* _WORK TASK_
Extract each line of the material that follows exactly and omit its pictures.

╭─ DATA EXCERPT

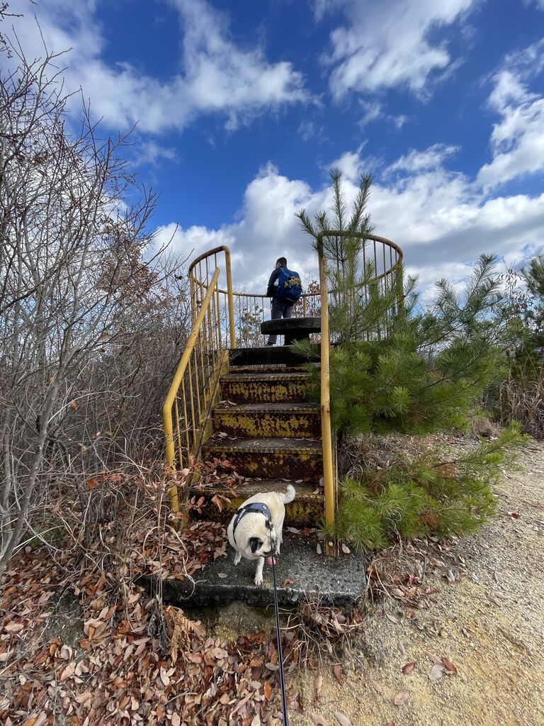 息子を先頭にしパグが息子を追いかけるように登り、最後尾に私
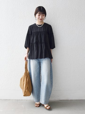 素材感/着心地:ワイドシルエットで何にでも合います。
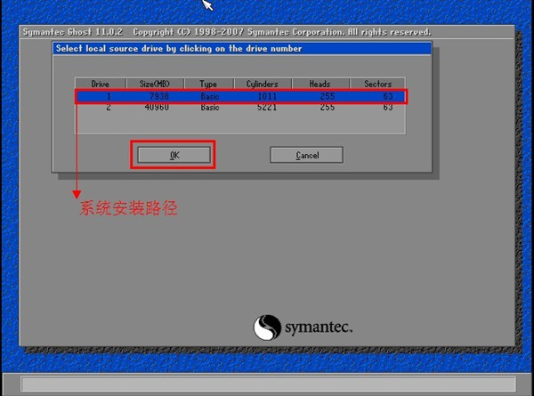 6.在下一步中,选择系统安装目录,单击“ok”按钮,如图:
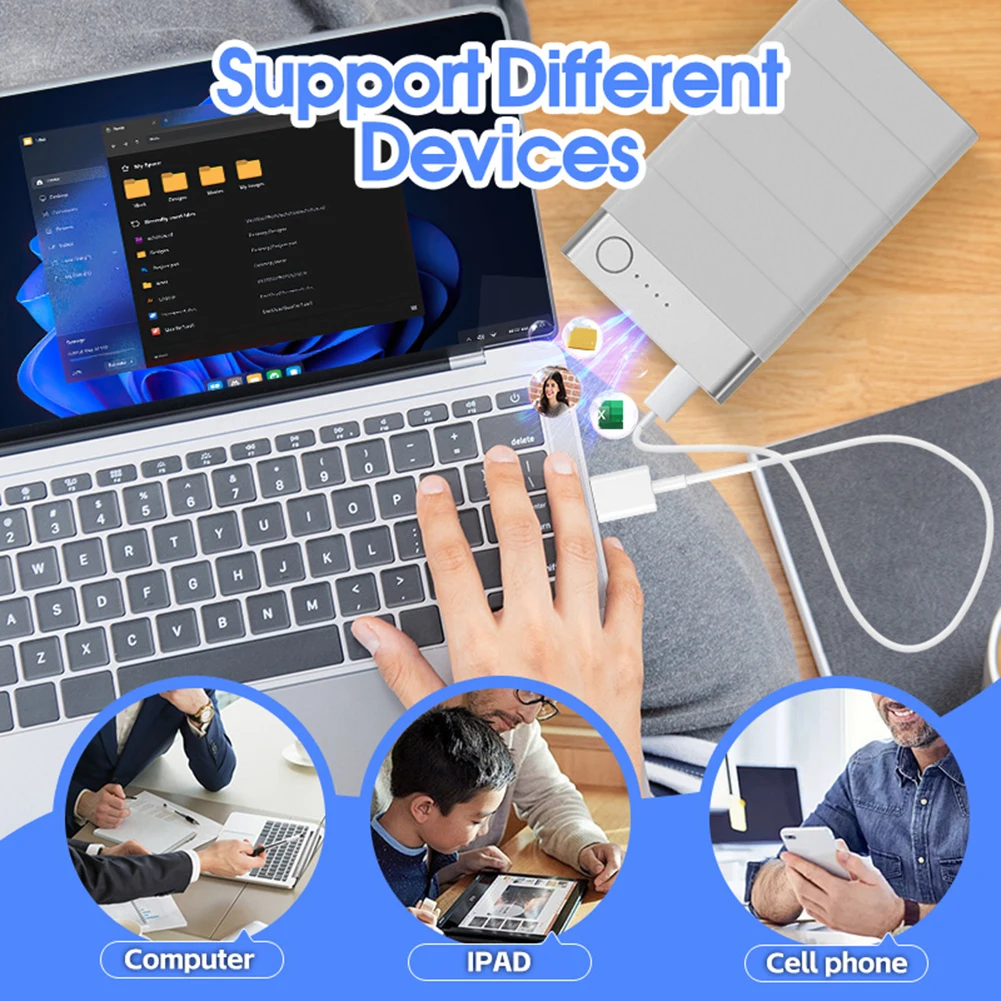 1. Facile à utiliser:Le bâton photo du disque dur externe est livré avec une batterie intégrée de 5000mAh, ce qui le rend pratique et simple à utiliser. Il peut également charger votre téléphone, offrant des fonctionnalités supplémentaires en déplacement.

╰─

* _RESULT_
 息子を先頭にしパグが息子を追いかけるように登り、最後尾に私
 素材感/着心地:ワイドシルエットで何にでも合います。
 6.在下一步中,选择系统安装目录,单击“ok”按钮,如图:
 1. Facile à utiliser:Le bâton photo du disque dur externe est livré avec une batterie intégrée de 5000mAh, ce qui le rend pratique et simple à utiliser. Il peut également charger votre téléphone, offrant des fonctionnalités supplémentaires en déplacement.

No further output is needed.